Она и впрямь была так полна любопытства, что почти решилась заглянуть к старой деве и попросить ее объяснений. Но Агарь, хоть и была бедной девушкой, бродячей цыганкой и управляла мелким лондонским ломбардом, обладала врожденной деликатностью, удержавшей ее от того, чтобы вымогать доверие у женщины, которая не склонна была кому‑либо доверяться.
Мисс Сноу по рождению была леди, об этом знали все на Карби‑Кресент, а ее несгибаемая гордость вошла в поговорку. Немногие слова, которыми она остановила расспросы Агари насчет писем, помещенных в чайник, ясно показали, что никому не следует касаться ее предполагаемого романа. Поэтому Агарь оставила чайник в ломбарде и воздержалась от того, чтобы зайти к его хозяйке.
Последующие несколько недель Маргарет продолжала плести корзинки и носить их в магазин, который нанял ее. По своему обыкновению, она каждое воскресное утро ходила в церковь, а все остальное время проводила в уединении в своей промерзшей мансарде. В тот год в Лондоне выдалась особо холодная зима, перед Рождеством выпало много снега. Желая сэкономить деньги, чтобы выкупить чайник, Маргарет отказывала себе в огне и старалась есть поменьше, лишь столько, чтобы поддержать в себе жизнь. В тонкой одежде и стоптанных туфлях, она ходила в магазин и церковь под снегопадом и пронизывающим ветром. Без теплой одежды, еды и огня, под гнетом лет и в таком ослабленном состоянии, она, само собой, заболела. Однажды утром мисс Сноу не вышла, и хозяйка дома, поднявшись на чердак, нашла ее в постели.

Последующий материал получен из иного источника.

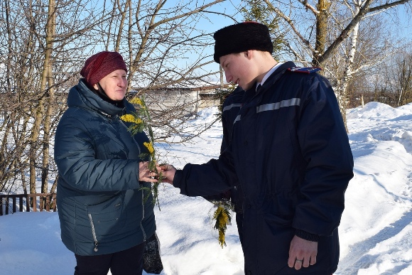 С самым красивым и светлым весенним праздником жительниц Лесного поздравили волонтёры кадетского казачьего класса Лесновского ДДТ

И все‑таки несгибаемый дух и врожденная гордость заставляли Маргарет решительно отказываться от благотворительности, и между приступами мучительной боли она плела корзины, сидя на своей продавленной кровати. Наверное, она бы умерла, оказавшись в таком бедственном положении, но Бог пожалел беззащитную измученную женщину и послал ей на помощь ангела. Этим ангелом была Агарь; к тому же она оказалась очень практичным ангелом.
Услышав от соседей, что мисс Сноу заболела, и вспомнив эпизод с серебряным чайником, Агарь поднялась на промерзший чердак и занялась старой девой. Маргарет возражала, собрав все свои невеликие силы, но добросердечная цыганка не прекратила делать то, что считала своим долгом.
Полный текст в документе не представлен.